### Exercise directions
Below is a listing with pictures. Repeat exactly the lines starting at the one holding "Подготовьте зажарку. В" and going on through the one holding "按照顺序打开后,咱们就可以拿", and leave every picture out.

### Working data
..........
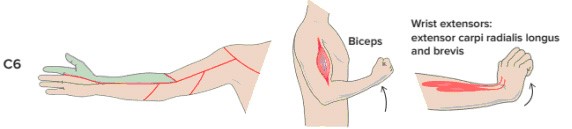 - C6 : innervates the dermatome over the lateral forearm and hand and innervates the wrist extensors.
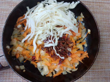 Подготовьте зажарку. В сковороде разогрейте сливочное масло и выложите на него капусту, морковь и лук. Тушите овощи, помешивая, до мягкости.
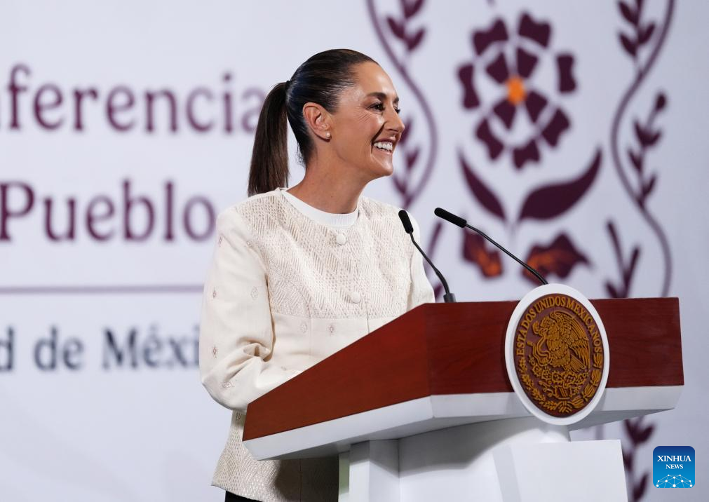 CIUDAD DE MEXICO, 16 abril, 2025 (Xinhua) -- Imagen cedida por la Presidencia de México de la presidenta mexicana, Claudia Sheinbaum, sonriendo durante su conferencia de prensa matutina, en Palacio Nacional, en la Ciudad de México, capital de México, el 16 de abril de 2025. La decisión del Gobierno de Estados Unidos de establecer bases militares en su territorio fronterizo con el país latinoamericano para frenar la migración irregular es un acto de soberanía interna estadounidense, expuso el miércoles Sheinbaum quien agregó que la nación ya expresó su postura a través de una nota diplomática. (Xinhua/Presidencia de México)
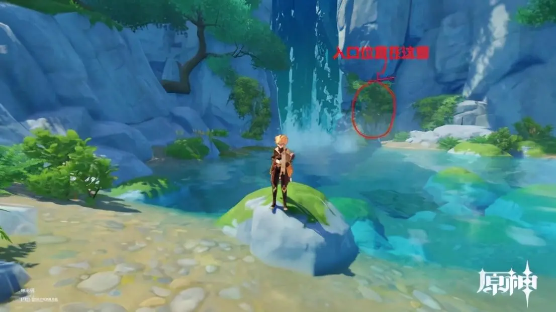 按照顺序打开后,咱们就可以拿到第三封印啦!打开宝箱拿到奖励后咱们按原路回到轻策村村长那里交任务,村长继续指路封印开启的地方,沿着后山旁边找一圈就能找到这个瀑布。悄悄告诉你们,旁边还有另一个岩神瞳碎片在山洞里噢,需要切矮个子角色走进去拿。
..........
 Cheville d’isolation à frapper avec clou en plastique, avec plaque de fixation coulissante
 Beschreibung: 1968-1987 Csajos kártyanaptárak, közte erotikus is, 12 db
..........
### Completed exercise
 Подготовьте зажарку. В сковороде разогрейте сливочное масло и выложите на него капусту, морковь и лук. Тушите овощи, помешивая, до мягкости.
 CIUDAD DE MEXICO, 16 abril, 2025 (Xinhua) -- Imagen cedida por la Presidencia de México de la presidenta mexicana, Claudia Sheinbaum, sonriendo durante su conferencia de prensa matutina, en Palacio Nacional, en la Ciudad de México, capital de México, el 16 de abril de 2025. La decisión del Gobierno de Estados Unidos de establecer bases militares en su territorio fronterizo con el país latinoamericano para frenar la migración irregular es un acto de soberanía interna estadounidense, expuso el miércoles Sheinbaum quien agregó que la nación ya expresó su postura a través de una nota diplomática. (Xinhua/Presidencia de México)
 按照顺序打开后,咱们就可以拿到第三封印啦!打开宝箱拿到奖励后咱们按原路回到轻策村村长那里交任务,村长继续指路封印开启的地方,沿着后山旁边找一圈就能找到这个瀑布。悄悄告诉你们,旁边还有另一个岩神瞳碎片在山洞里噢,需要切矮个子角色走进去拿。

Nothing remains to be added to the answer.